(Bloomberg) -- Ben Bernanke’s review into the Bank of England’s forecasting process will look into whether the market path for interest rates should continue to be used as the main assumption from which to build its projections.

The UK central bank on Monday set out the terms of reference for Bernanke’s review, focusing the former US Federal Reserve chair on five key aspects of the process. Those include “the appropriate conditioning assumptions in projections, including the interest rate path on which the forecast is based.”

The BOE appointed Bernanke in July to examine the forecast process after heavy criticism from politicians and some economists for underestimating the threat inflation posed. The BOE along with the Fed and European Central Bank initially concluded that rising prices were a “transitory” effect of ending pandemic lockdowns that would soon pass.

Instead, inflation soared to a four decade high, forcing the BOE to play catchup in pushing interest rates to the most since 2008.

The review is focused on the lessons to be learned for future forecasts “during times of significant uncertainty.” It will not pass judgment on past policy decisions, the terms of reference showed.

“The review should be forward looking – rather than an ex-post review of policy decisions – but that view can be informed by taking lessons from past experiences and from the experiences of other central banks,” it said.

Market rates are the key assumption on which the forecast is produced. The idea is that, by using market forecasts, the BOE does not reveal a preferred path for interest rates. However, the practice can distort the outlook dramatically.

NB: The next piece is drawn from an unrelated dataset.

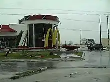 Across Mexico, Wilma killed eight people – seven in Quintana Roo, and one in Yucatán.[19] In Playa del Carmen, two people died and another seven were injured when a gas tank exploded.[20] One person died in Yucatán after being struck by a fallen tree branch.[21] Three people died on Cozumel.[22] One person in Cancún was electrocuted while preparing for the storm.[5] Another person died in Cancún because of glass from a broken window.[23] Throughout Mexico, Wilma's damage was estimated at $4.8 billion (MXN, US$442 million). The hurricane caused an additional $13.9 billion (US$1.3 billion) in lost economic output and earnings, 95% of which was related to lost tourism revenue.[3] Wilma damaged 28,980 houses along its path.[3] Concrete buildings fared better than those constructed out of local materials.[24] The storm damaged about 10,000 power lines, causing power outages for 300,000 people.[25] Damage to transmission towers and antennas disrupted communications networks.[3] The cost to repair the electrical infrastructure was $397.5 million (MXN, US$36.6 million), mostly in Quintana Roo.[12][24][9] Across the region, Wilma damaged 473 schools,[3] including about 60% of such institutions in Quintana Roo. Damage to schools accounted for $156 million (MXN, US$14.4 million) of the hurricane's cost. Hospitals, particularly in Cancún and Cozumel, sustained damage to medical equipment.[12] High winds blew down traffic signals, signs, and fences.[3]

Last November, when the rate path partially reflected the chaos caused by the Liz Truss budget program, the forecast was for a deep recession that Governor Andrew Bailey tried to play down in his subsequent public comments.

Bernanke has experience of a different approach, using the “dot plots” of each individual rate setter’s preference to build a forecast based on a more likely rate path. Former BOE policymaker Gertjan Vlieghe argued for the use of dot plots and another former ratesetter Silvana Tenreyro used them in her speeches.

Another option would be to produce a forecast assuming unchanged interest rates. The BOE already does produce a solely inflation forecast based on that premise.

The review will also look at:

  • Staff processes and analysis supporting the MPC’s policy deliberations
  • The analytical framework for taking account of significant shocks and shifts on the supply as well as the demand side of the economy
  • The role of the forecast in the MPC’s policy decisions and communications, including the roles of the MPC and the staff in the development of the official forecast
  • Material provided to the MPC to assist the discussion and communication of the outlook and the risks around that.